Problem description:
An exact copy is needed of the lines in the entries below from the line with "3.采用Putty通过ssh" up to and including the line with "The framework follows", and of nothing else. Leave the pictures out.

*** Opening of Data shown ***

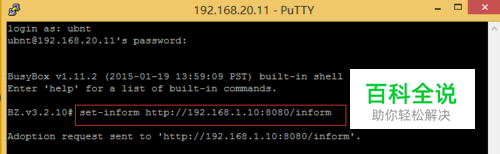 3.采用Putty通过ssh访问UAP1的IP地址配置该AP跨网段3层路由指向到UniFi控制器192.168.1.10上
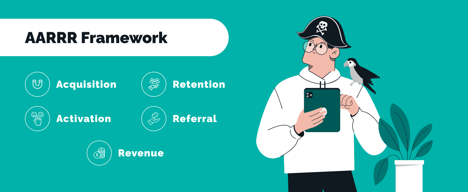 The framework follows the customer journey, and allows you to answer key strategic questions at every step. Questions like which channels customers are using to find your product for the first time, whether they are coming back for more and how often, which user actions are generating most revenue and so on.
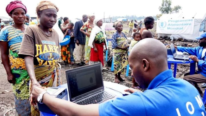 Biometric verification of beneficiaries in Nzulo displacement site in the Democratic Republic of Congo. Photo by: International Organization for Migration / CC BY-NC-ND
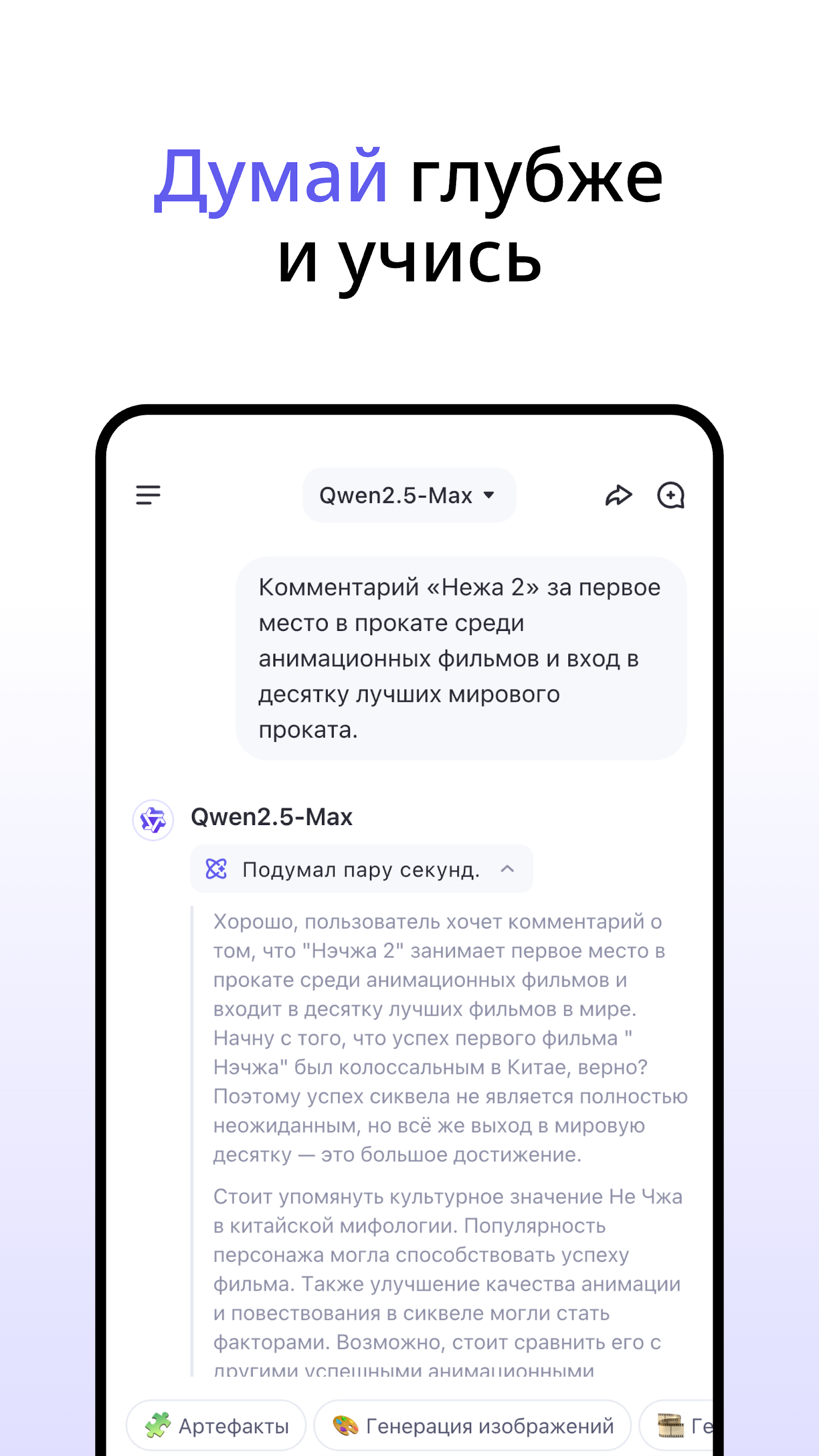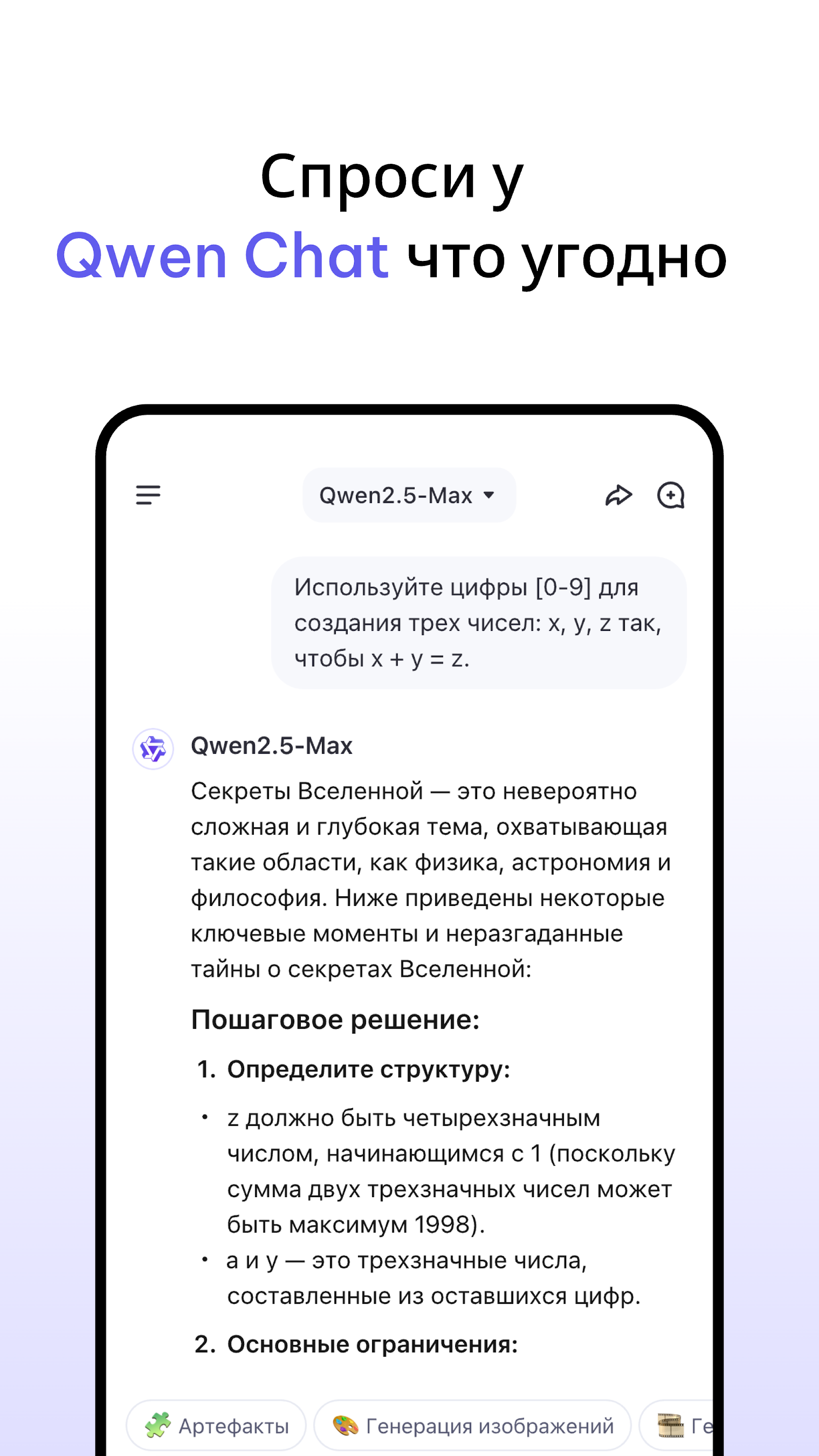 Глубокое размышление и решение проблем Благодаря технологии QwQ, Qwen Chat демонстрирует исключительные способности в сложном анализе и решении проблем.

*** Close of Data shown ***
*** Opening of Data shown ***

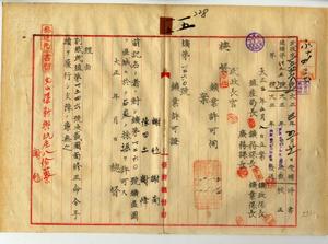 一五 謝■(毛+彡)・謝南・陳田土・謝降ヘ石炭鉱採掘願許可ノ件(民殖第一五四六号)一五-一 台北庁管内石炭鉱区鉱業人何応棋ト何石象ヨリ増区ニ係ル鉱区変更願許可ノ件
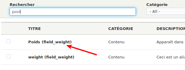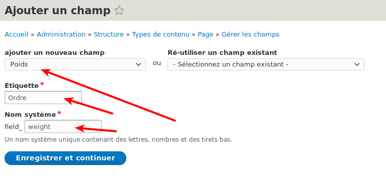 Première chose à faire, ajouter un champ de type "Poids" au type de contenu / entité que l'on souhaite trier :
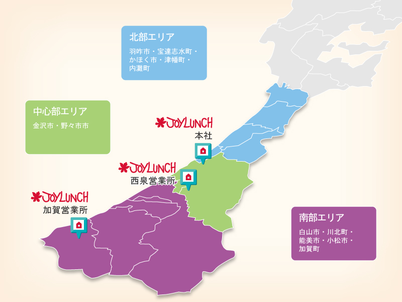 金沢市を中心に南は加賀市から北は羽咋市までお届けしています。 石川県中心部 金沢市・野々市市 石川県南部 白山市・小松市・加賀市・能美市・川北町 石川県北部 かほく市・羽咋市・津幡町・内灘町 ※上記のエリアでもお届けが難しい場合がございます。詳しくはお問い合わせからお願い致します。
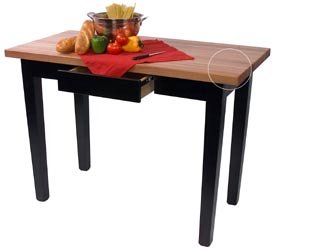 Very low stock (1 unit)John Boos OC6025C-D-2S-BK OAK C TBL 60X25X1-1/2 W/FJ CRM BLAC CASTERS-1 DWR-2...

*** Close of Data shown ***

Exercise result:
 3.采用Putty通过ssh访问UAP1的IP地址配置该AP跨网段3层路由指向到UniFi控制器192.168.1.10上
 The framework follows the customer journey, and allows you to answer key strategic questions at every step. Questions like which channels customers are using to find your product for the first time, whether they are coming back for more and how often, which user actions are generating most revenue and so on.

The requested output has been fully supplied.